Выбрать главу

   — Войдите, — крикнула больная замирающим, сладким голосом. Бруно открыл дверь и увидел синьору Виньеро, которая сидела в постели, откинувшись на подушку в кружевной наволочке, под балдахином из чёрной тафты и жёлтого атласа, обшитым шёлковой бахромой, чёрной с жёлтым. Жёлтый цвет подчёркивал мертвенную бледность жуткого, измождённого лица с ярко нарумяненными щеками и горящими глазами — глазами дикого зверя, который задыхается в своей берлоге. «Зачем я пришёл сюда? — подумал Бруно. — С каких это пор я превратился в смиренного францисканца? Я теряю твёрдость».

И он посмотрел женщине прямо в лицо, в котором было что-то неуловимо отталкивающее. Жидкие локоны свисали на потный лоб, покрытый слипшимися комками белил. Бруно стоял на клетчатом коврике, заложив руки за спину.

   — Как великодушно с вашей стороны навестить бедную страдалицу, — сказала женщина, — страдалицу, прелести которой давно увяли. — Она слабо хихикнула, пошарила под подушкой и, вытащив небольшой веер, с судорожной кокетливостью стала им обмахиваться. — Не стоит уверять меня, что это не так. Я вижу вас насквозь. Вы — бесстыдник. Бесстыдник, — повторила она игриво. — Все мужчины — бесстыдники. Я их отлично изучила. А всё же, маэстро Бруно, при вас у меня так легко на душе. Когда вы подле меня и я закрываю глаза, я вижу свечи, горящие на алтаре и избавляющие меня от мук чистилища. Меня ведь не за что отправлять в ад, я всегда только покорялась судьбе, я — несчастная женщина, и Пресвятая Матерь Божия меня поймёт, потому что страдания женщины может понять только женщина.
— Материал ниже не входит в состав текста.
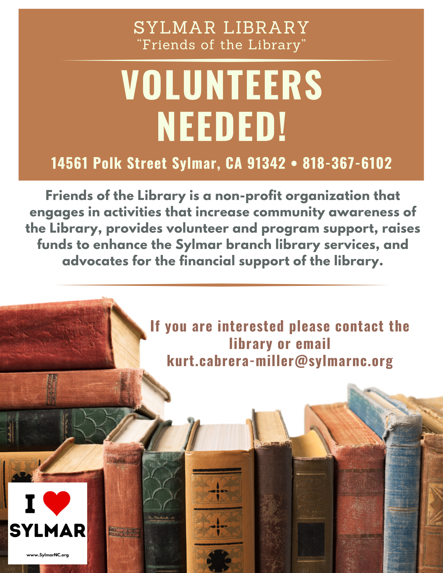 Friends of the Library is a non-profit organization that engages in activities that increase community awareness of the Library, provides volunteer and program support, raises funds to enhance the Sylmar branch library services, and advocates for the financial support of the library.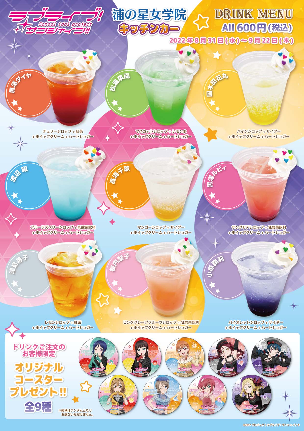 沼津エリアにて営業中の『浦の星女学院キッチンカー』ですが、この度ドリンクメニューが一新となり、特典のコースターも変更になります!

Где их понять Господу Богу, говорю я себе, лёжа здесь. Он ведь не женщина. Пускай он создал женщину, но создал-то он её иной, чем он сам? Вы бы всё это разъяснили мне, маэстро Бруно, и если такие мысли — грех, то мне нужно будет исповедаться. Странные у меня бывают мысли. Иногда мне думается, что вы бы могли быть моим духовником, отпустить мне грехи.

   — Да, — отозвался Бруно тихо.

   — Отчего это так? — спросила она голосом, неожиданно ясным, серебряно-звонким, как у ребёнка. — Отчего это вы моей душе приносите такой покой, а сами не покойны?

Бруно молчал и думал: «Надо опять приняться за изучение математики».

Женщина в постели продолжала говорить. Её тело, от тяжести которого в тюфяке образовалось углубление, было едва заметно под одеялом, когда она лежала вытянувшись. Казалось, от неё оставались лишь увядший бюст да измождённое лицо, жалкий осколок разбитой жизни, судорожно барахтавшийся в трясине разложения, в которую он попал. Синьора Виньеро болтала — и прожитые годы вставали перед ней, качались перед глазами, как флаги суетного тщеславия. И казалось, что первый слабый крик торжества истощит её дыхание и погрузит её наконец в белую трясину смерти, где она исчезнет навеки.

Подобно брошенному камню, разбивающему гладь озера, монотонный голос этой женщины ворвался в душу Бруно. И зыбь побежала по озеру, стремясь за пределы его, ряд убегающих кругов без общего центра; круг завихрился в спираль, и центр перемещался так быстро, что никакая окружность не могла удержать его. Крайняя кривая разогнулась в прямую, перешла в бесконечную непрерывность, и то была уже не прямая, не кривая, а — время, пространство, сила. Было лишь его тело, голодное, терзаемое видениями, да влекущее, пугающее неведомое в бренном теле первой попавшейся женщины, и в то же время — сеть вечности, вечное движение звёзд, лужа крови и слизи, бессмертная геометрия времени и пространства, все мыслимые формы красоты и силы, созданные жизненной необходимостью их субстанции, совпадение противоположностей в едином...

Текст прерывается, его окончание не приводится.